Key learning #1: Identify opportunities
Even though there were no tiny agile steps in sight that could serve as building blocks for a migration roadmap, there were opportunities for migrating a “chunk” of the pipeline logic at a time. Let’s look at one such example:
In the old pipeline, there was ETL logic running in Airflow. It was quite slow because it was implemented in Python, and because it duplicated a lot of data (10K-100K times). As a consequence, it used a lot of AWS resources, and it was then queried by Athena without partitioning, which was expensive. Ji identified the opportunity to migrate all of this logic wholesale to Databricks, which ended up being a smart move. It was a fairly large chunk of work (larger than a small agile bit), but still manageable. As a result, the old pipeline became much faster, used fewer resources, and was much easier to improve—while leveraging the logic and toolset of the new pipeline. The new system can be seen in the picture below, with the red line showing the new connections.
Key learning #2: Pave the way
The second learning that Budbee had relates to systems improvements over time. Ji mentions that “Implementing a system with a clear path for improving it is more valuable than implementing a perfect system from the get go.” In other words, two systems can be equally “bad” but if one of them has a clear path for improving it, it is infinitely better than the other. This holds true for improving an ETL system too; the new system might not be faster or cheaper today, but if it can be in the future, that’s already an improvement.
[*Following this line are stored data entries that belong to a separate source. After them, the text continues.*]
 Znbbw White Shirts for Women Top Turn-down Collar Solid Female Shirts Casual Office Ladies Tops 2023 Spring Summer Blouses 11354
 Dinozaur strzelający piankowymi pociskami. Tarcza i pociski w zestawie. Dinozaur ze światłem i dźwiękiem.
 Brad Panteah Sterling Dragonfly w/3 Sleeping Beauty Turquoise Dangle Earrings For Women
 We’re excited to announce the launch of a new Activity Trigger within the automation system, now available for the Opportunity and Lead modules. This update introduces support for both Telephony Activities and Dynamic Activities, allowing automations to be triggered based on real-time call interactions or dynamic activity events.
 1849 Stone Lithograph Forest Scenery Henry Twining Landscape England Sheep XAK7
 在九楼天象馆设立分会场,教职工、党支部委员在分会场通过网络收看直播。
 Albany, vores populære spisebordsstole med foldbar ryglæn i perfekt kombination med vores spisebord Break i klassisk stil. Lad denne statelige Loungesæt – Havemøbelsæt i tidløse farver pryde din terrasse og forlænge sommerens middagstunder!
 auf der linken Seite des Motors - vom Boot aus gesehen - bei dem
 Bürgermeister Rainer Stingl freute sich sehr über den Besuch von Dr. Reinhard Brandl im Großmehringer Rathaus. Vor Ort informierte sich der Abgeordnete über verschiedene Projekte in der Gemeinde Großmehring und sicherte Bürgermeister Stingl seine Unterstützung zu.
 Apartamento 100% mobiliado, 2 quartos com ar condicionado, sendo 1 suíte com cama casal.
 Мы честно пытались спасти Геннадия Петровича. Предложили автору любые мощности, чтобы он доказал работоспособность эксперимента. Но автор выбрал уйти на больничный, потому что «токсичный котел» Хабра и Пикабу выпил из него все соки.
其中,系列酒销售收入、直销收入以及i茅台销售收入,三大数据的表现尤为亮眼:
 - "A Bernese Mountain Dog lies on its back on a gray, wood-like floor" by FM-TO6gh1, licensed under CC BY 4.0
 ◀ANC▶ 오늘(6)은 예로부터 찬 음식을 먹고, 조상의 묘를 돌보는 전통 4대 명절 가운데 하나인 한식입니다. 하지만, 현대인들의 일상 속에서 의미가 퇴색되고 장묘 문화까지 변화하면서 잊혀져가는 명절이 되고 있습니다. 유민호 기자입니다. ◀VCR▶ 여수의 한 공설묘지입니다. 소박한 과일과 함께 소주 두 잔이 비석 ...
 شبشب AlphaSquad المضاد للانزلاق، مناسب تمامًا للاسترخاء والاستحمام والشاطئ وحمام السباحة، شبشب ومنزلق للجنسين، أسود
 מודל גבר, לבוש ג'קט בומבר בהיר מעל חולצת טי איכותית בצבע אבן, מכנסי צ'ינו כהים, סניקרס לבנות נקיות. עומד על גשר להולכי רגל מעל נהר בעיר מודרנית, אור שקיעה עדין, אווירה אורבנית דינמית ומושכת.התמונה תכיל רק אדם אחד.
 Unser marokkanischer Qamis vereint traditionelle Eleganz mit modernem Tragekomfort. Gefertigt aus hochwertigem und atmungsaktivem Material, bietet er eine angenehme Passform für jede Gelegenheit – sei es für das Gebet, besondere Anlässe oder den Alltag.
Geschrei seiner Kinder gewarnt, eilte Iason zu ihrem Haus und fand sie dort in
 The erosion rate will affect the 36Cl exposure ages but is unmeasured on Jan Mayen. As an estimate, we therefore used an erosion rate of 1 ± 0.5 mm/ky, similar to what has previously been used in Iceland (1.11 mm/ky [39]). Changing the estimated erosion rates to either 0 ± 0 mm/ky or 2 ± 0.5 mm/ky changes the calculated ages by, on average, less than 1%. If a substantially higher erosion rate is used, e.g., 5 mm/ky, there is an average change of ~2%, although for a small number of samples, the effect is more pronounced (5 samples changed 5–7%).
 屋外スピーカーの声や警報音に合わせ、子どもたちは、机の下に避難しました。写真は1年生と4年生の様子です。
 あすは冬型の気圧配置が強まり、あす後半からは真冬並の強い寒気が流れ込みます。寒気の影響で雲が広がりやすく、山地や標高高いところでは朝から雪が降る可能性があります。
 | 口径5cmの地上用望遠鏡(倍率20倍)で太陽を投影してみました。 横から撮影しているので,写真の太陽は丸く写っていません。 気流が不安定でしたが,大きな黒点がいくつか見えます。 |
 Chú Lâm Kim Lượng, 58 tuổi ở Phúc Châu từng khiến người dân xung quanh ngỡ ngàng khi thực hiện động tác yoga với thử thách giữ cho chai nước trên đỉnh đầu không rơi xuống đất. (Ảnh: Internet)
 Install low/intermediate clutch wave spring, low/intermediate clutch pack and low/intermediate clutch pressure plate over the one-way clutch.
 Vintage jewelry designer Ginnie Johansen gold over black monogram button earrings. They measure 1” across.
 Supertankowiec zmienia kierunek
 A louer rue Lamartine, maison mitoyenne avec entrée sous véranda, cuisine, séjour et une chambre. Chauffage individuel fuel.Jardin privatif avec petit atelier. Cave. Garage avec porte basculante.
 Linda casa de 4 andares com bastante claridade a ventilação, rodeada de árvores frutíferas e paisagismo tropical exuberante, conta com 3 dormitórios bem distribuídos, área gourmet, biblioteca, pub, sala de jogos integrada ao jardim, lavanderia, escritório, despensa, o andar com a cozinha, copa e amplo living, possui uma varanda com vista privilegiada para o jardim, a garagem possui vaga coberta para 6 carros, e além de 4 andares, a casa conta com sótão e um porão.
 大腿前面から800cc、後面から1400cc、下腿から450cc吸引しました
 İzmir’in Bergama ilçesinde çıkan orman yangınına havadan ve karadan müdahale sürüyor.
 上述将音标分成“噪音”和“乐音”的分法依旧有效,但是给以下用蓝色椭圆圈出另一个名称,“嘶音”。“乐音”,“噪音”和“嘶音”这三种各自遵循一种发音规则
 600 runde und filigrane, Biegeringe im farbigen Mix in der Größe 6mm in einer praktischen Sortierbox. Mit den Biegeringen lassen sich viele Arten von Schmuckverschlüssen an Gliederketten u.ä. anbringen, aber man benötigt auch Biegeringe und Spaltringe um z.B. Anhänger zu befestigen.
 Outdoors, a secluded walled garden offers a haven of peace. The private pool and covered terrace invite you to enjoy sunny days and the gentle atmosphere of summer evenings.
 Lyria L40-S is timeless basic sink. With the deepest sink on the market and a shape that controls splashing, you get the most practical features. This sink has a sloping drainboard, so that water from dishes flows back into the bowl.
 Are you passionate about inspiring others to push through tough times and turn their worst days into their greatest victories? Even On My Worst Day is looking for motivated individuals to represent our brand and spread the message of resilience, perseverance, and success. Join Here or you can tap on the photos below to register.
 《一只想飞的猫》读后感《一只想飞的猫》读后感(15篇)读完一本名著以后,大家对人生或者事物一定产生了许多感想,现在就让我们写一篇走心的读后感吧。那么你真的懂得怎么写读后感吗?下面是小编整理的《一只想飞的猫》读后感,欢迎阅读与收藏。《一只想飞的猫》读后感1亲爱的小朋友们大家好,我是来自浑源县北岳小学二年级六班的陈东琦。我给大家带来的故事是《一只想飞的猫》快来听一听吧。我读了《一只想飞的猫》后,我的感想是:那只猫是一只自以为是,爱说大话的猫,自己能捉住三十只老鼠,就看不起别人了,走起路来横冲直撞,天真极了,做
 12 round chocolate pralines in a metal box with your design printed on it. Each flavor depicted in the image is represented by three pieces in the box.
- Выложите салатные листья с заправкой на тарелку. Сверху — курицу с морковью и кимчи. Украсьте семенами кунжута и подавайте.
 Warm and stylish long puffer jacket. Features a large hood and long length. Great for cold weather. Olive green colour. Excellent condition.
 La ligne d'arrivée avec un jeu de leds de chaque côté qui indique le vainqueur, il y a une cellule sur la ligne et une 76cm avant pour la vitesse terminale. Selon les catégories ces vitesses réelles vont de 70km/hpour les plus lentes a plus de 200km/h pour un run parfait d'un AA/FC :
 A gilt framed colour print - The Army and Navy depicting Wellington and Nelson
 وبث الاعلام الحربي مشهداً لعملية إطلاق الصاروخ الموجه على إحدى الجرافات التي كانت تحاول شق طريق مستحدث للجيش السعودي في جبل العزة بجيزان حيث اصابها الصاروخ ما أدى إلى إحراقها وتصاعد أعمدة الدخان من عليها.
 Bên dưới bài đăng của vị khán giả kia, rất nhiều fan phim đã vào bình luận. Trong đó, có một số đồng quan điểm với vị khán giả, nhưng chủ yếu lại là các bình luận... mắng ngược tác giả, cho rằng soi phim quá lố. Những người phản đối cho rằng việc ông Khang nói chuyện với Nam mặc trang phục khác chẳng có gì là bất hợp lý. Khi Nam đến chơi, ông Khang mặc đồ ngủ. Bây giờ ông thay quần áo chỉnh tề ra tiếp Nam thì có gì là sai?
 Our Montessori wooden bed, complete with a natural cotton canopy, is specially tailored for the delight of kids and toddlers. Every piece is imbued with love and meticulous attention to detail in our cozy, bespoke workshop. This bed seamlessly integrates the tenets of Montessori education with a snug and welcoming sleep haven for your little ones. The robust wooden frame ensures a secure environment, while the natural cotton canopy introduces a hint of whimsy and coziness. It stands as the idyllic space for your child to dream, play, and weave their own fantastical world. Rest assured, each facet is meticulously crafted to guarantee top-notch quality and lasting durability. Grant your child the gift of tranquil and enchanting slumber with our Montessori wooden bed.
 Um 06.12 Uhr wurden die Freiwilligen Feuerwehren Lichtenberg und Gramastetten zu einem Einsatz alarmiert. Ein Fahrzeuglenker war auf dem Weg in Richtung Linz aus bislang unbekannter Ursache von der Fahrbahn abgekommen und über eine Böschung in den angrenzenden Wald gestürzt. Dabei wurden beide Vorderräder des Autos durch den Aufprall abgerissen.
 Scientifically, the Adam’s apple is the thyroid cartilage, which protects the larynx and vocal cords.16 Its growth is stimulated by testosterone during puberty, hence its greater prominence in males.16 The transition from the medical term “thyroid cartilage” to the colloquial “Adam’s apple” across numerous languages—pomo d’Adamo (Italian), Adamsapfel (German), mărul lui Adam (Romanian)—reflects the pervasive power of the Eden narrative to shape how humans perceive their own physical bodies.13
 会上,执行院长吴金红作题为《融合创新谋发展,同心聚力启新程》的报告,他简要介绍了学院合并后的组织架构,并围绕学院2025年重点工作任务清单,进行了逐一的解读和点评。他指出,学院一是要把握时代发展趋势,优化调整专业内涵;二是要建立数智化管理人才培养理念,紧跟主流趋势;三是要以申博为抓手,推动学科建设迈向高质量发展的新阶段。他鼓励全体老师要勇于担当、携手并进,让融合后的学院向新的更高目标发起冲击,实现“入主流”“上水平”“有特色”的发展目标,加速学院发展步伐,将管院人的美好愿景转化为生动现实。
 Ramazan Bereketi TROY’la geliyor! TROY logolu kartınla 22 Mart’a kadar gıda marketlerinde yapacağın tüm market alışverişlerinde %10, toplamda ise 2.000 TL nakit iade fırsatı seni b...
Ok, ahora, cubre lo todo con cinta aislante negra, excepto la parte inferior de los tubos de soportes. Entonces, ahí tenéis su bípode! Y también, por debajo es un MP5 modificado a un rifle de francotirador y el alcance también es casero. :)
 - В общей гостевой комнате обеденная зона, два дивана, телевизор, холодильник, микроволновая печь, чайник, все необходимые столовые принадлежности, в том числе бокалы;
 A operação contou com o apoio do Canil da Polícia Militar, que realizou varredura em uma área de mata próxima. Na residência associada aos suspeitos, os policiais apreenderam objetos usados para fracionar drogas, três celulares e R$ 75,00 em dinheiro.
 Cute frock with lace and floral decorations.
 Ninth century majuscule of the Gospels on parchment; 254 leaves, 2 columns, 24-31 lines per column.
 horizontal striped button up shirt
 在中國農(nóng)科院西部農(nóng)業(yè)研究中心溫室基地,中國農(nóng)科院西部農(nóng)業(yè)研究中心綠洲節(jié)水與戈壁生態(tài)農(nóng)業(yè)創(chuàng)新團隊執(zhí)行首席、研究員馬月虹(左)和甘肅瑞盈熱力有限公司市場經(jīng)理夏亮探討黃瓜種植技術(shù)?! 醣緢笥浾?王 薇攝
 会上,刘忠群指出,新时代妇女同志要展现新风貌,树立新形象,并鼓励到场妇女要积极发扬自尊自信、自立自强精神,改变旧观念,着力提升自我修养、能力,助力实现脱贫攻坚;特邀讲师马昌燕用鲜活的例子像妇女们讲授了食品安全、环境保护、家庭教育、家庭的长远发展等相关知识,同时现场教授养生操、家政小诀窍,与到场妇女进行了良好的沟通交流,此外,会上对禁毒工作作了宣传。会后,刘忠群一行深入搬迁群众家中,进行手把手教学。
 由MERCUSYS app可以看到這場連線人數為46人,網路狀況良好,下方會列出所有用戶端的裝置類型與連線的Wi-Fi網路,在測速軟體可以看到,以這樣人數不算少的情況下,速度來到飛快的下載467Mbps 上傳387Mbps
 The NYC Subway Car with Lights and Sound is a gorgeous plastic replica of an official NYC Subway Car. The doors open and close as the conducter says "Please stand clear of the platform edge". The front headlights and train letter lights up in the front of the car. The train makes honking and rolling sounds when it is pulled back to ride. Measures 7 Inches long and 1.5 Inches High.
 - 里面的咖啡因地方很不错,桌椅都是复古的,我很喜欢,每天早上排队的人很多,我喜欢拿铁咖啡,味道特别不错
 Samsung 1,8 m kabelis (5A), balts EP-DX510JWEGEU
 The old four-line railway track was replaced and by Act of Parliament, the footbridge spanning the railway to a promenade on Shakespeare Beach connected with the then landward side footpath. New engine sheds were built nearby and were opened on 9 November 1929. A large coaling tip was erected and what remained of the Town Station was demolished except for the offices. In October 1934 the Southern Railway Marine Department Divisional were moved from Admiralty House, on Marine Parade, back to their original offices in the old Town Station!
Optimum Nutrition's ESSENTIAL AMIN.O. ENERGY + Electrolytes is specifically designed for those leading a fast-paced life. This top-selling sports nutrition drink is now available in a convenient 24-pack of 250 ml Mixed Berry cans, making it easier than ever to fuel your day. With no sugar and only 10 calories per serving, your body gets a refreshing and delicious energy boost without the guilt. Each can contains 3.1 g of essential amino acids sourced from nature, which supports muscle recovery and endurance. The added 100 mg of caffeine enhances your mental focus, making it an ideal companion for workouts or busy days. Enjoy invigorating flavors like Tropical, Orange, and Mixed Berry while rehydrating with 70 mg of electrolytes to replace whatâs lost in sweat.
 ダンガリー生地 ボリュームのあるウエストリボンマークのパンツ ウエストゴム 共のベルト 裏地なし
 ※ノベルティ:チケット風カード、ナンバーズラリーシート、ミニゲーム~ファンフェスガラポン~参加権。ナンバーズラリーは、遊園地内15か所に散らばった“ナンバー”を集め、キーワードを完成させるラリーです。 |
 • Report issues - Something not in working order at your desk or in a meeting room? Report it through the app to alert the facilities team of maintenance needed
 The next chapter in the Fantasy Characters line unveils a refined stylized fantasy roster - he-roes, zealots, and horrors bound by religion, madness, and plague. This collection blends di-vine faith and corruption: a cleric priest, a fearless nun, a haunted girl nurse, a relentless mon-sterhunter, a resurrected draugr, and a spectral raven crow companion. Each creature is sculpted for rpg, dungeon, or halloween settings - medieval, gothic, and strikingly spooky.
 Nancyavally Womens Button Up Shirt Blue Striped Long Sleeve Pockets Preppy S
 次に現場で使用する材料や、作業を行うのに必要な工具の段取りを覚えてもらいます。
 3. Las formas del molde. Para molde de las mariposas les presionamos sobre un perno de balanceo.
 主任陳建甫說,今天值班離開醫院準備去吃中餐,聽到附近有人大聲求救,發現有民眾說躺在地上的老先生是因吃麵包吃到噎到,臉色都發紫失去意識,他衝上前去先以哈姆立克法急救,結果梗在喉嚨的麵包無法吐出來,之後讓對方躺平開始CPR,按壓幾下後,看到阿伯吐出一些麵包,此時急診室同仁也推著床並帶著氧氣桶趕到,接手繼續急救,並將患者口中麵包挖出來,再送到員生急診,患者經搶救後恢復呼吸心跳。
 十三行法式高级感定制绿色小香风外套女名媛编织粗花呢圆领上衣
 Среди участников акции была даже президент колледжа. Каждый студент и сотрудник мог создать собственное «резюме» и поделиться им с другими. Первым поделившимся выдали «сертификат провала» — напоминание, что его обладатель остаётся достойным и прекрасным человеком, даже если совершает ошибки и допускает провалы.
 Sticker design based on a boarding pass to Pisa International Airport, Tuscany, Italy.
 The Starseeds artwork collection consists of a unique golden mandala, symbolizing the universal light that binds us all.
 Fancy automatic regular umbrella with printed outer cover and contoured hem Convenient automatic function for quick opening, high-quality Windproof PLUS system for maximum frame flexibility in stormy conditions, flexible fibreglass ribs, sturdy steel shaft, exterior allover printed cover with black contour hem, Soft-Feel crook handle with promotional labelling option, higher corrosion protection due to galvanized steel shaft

“The new system might not be faster or cheaper today, but if it can be in the future, that is an improvement in and of itself.”
A concrete example from Budbee’s ETL migration was the implementation of a new replication service. It was a fairly simple service, but it ended up being 496 times faster (real number!) than the old one, and 2-10% of the old cost to run. However, it runs on AWS Batch and has “9,000 bugs” ( not the real number). However, there’s a clear path for the Budbee data team on how to improve it (see images below for short- and long-term plan) and how to tackle the bugs. In other words, leaving the bugs and opportunities for improvement for the future was a conscious decision which ultimately ended up delivering value to the business much faster.
Data teams are sometimes faced with real challenges that can be both technical and procedural in nature. What’s the best tech stack? What’s the best way to migrate our existing tech stack? Budbee was faced with such challenges, and Ji overcame them in a great way; while learning two valuable lessons along the way:
- If you can’t find a way to be agile, you can at least be “kind of agile” to great effect
- Improvements are nice, but potential improvements are forever
At Heroes of Data, we’re extremely grateful to Ji and Budbee for sharing their learnings and lessons with the broader data community so others can learn from them. We can’t wait to see what Ji and Instabee will achieve with their data in the future.
Summarized by Sara Landfors, based on the presentation by Ji Krochmal at a Data Engineering Meetup by Heroes of Data in September 2022.